Knowledge of a Gather was very reassuring to the renegade Telgar Blooddaughter. Before she could hope to attract folk to work in her high mountain hold, she would have to supply basic needs, and legitimately. In one trip to a large Gather, she could quite possibly acquire all she needed. She was already making plans as she waited for the men to leave so she could sneak to the greenhouses and help herself to the seedlings.

It had taken her all that first Turn to recover from the shocking frustration of Threadfall. Thella did not cope well with failure. Not only had she lost two of her fine runners to the disgusting stuff—well, the animals had panicked with dragons flying over them and run off a precipice—but all her careful and ambitious plans had had to be abandoned. The disappointment had plunged her into a deep roiling depression. She had planned so carefully: if Thread had only held off until the following Turn, she would have established herself in her own hold.

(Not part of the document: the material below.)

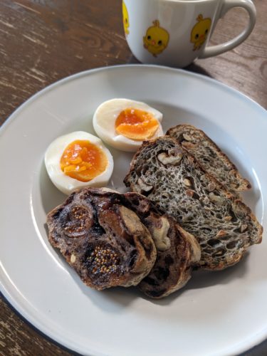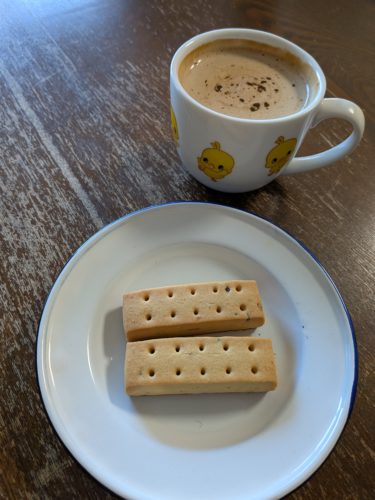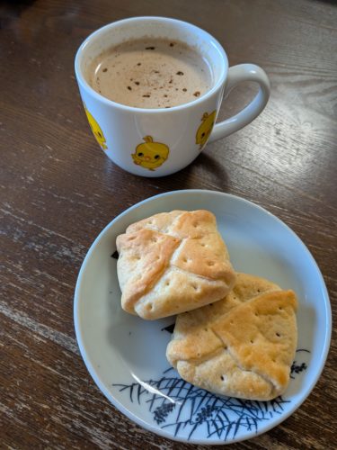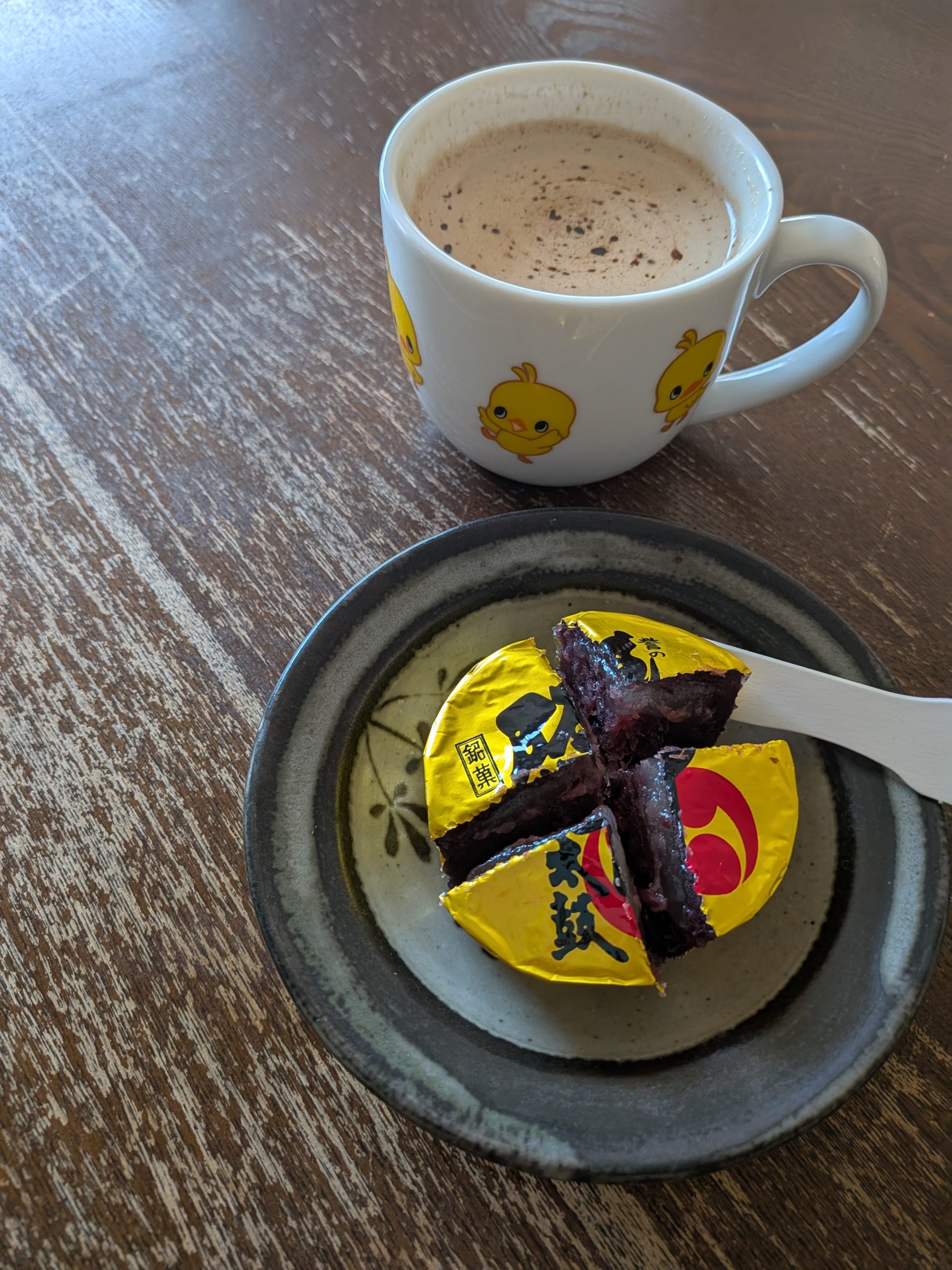 熊本で買ってきた武者がえしを朝ごはんに。私は地方銘菓になっているあんこパイ包み菓子が好きで見かけるたびに買うのだけど、武者がえしはいつもタイミングが悪くて手に入れられなかったので、今回入手できて嬉しい。買ったのは鶴屋百貨店内のおかしの香梅で、店員さんの対応がとても感じが良かったので既に印象がいいのだが、実際食べてもかなりおいしかった。これまで食べてきたあんパイに比べるとバター感が少ないのだが、それが和菓子寄りな感じで味としてはまとまっていておいしい。福岡の大丸に売っているのは知っているので、今度はそこで買うことにしようと思った。

She had found the place during one of her ramblings in the high country. Someone had once lived—and died—there, for she had removed twelve skulls, the only part of the dead that mountain snakes had been unable to masticate. What had killed the holders would always be a mystery, although Thella had heard of instances where entire hold populations had been wiped out by virulent disease. But they must once have lived well. The hold still held wooden furnishings; the stout slab table and the bedframes, dry and dusty, were usable. The metal fittings and utensils had a thin coat of rust, but that could be sanded off. There were cisterns for water and basins for bathing. Most of the south-facing apertures, protected by deep embrasures, had retained their glass. Four good hearths for warmth and cooking needed only to be cleaned to be used. In her initial investigations as a young and optimistic girl as yet unthwarted by the Threadfall that had destroyed her plans, Thella had even found cloth, brittle with age, in the stone storage chests of the sleeping quarters and grain in the beasthold. There were stone walls around enough highland pastures to support adequate meat animals, and pens were set into one side of the cavern. Thella knew the Masterherdsman had hardy strains that would thrive on mountain fields. She did not like the notion of sharing her living space with beasts, but she had heard that it was one way of generating additional warmth. One would need all the heat one could get in these hills.

But the hold could have been completely reestablished and hers! Hers! If she had just had the Turn or two. The ancient Contract Law of Pern gave her that right. She could have insisted that the Conclave of Lord Holders permit it, once she could prove her competence. Her father had told her, in answer to discreet questions, that anyone could form a hold, so long as it could be proved to be self-sufficient and remained well managed. And a discreet check of the record hides told her that a Benamin Bloodline had once established that mountain hold, but that it had been untenanted since before the last Pass.